### [Data records]
⟨
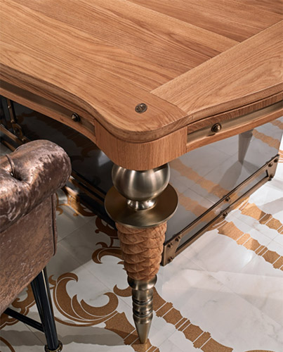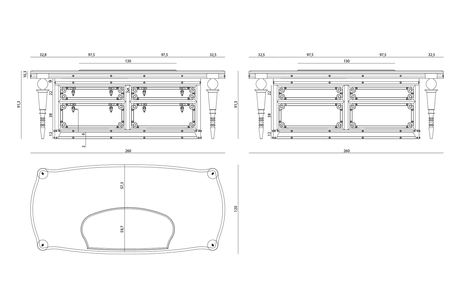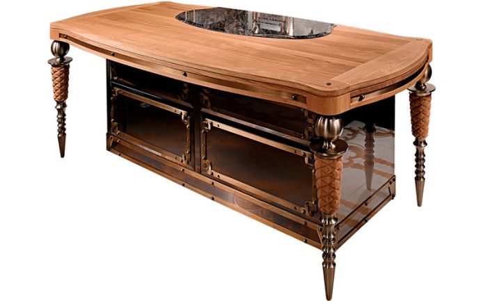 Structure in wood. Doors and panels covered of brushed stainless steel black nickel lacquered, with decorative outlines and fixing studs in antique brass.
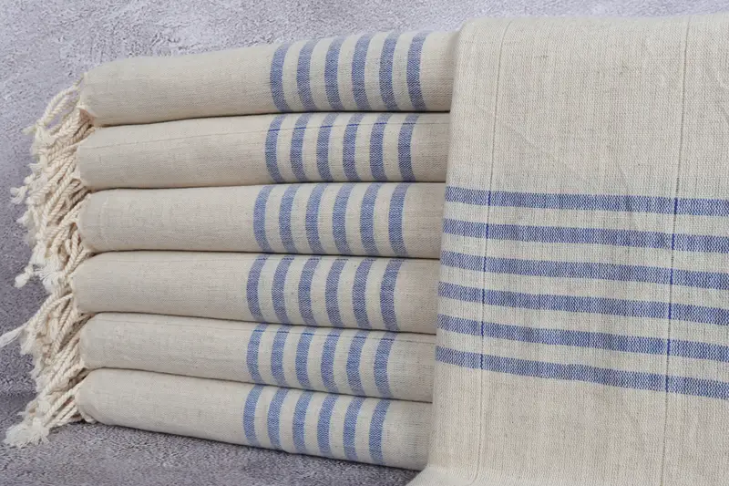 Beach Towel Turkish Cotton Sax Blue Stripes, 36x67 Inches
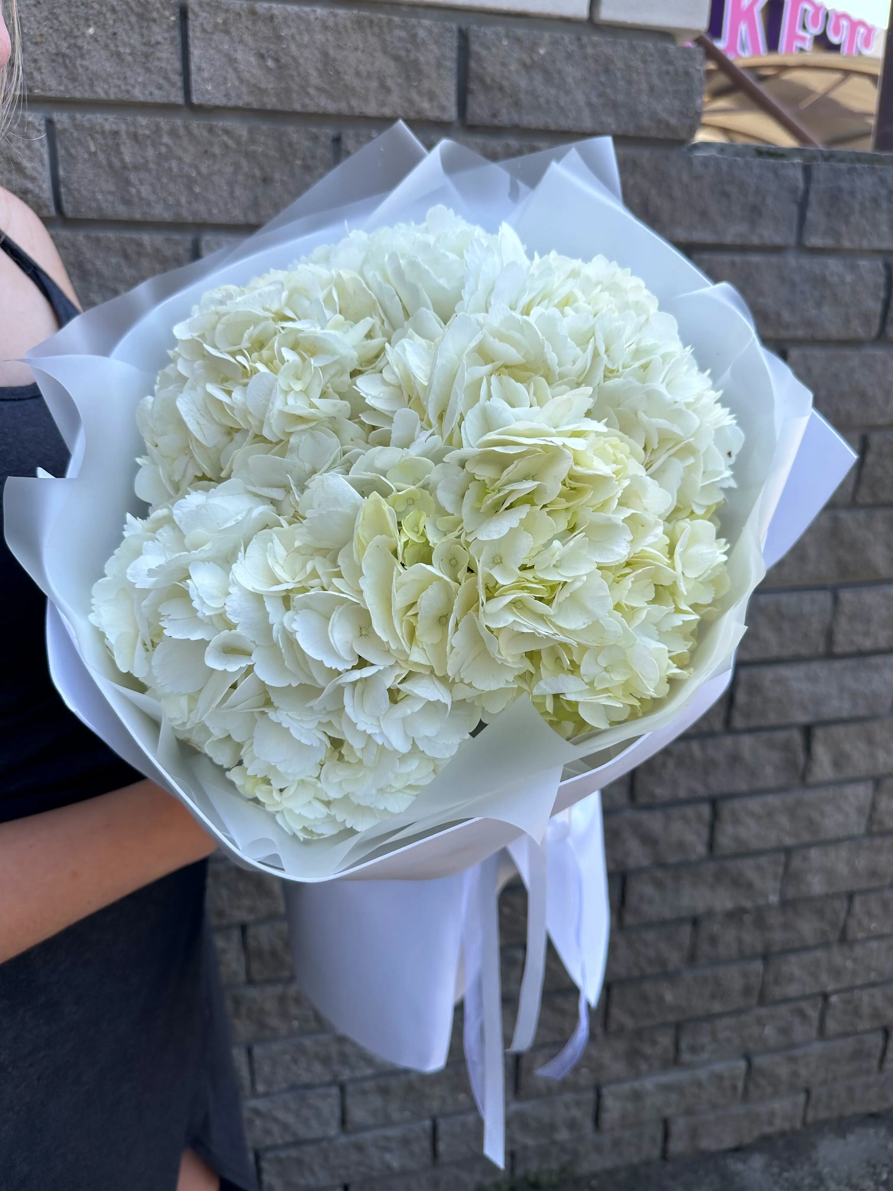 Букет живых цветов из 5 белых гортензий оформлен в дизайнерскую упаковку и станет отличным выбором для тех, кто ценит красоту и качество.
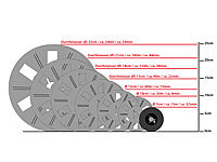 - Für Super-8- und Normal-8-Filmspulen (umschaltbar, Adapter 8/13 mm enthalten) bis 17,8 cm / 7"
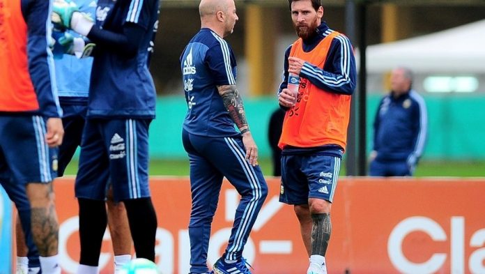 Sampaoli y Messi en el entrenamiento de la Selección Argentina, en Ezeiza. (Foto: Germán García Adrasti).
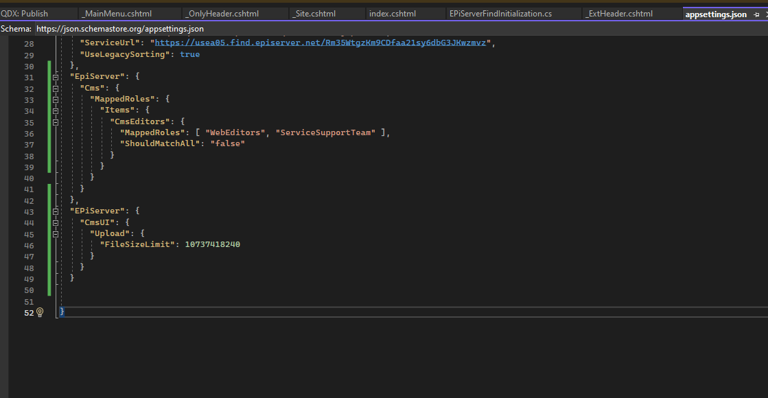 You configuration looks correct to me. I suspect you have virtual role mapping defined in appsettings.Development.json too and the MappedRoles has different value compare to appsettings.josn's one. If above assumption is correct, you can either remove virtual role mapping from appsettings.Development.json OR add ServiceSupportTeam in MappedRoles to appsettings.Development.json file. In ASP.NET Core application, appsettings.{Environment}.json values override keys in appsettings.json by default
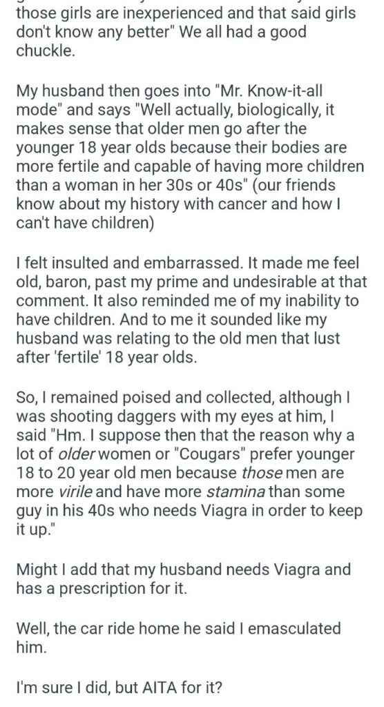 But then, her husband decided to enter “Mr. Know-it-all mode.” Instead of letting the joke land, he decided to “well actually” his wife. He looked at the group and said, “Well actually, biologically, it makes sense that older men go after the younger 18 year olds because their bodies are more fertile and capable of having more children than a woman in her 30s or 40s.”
⟩
⟨
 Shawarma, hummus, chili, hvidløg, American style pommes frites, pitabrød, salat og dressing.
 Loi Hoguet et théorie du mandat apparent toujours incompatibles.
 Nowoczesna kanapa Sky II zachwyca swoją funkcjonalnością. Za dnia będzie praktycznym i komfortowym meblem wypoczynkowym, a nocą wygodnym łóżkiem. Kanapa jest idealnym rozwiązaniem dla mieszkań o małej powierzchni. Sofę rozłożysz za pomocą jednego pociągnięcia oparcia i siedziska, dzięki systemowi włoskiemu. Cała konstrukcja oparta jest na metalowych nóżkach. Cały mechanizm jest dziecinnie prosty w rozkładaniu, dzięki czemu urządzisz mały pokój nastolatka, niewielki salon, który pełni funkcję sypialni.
⟩
### [What the task asks]
Copy exactly the lines of the entries above from the one containing "- Für Super-8- und" through the one containing "But then, her". Both end lines count; pictures do not.

### [Result]
 - Für Super-8- und Normal-8-Filmspulen (umschaltbar, Adapter 8/13 mm enthalten) bis 17,8 cm / 7"
 Sampaoli y Messi en el entrenamiento de la Selección Argentina, en Ezeiza. (Foto: Germán García Adrasti).
 You configuration looks correct to me. I suspect you have virtual role mapping defined in appsettings.Development.json too and the MappedRoles has different value compare to appsettings.josn's one. If above assumption is correct, you can either remove virtual role mapping from appsettings.Development.json OR add ServiceSupportTeam in MappedRoles to appsettings.Development.json file. In ASP.NET Core application, appsettings.{Environment}.json values override keys in appsettings.json by default
 But then, her husband decided to enter “Mr. Know-it-all mode.” Instead of letting the joke land, he decided to “well actually” his wife. He looked at the group and said, “Well actually, biologically, it makes sense that older men go after the younger 18 year olds because their bodies are more fertile and capable of having more children than a woman in her 30s or 40s.”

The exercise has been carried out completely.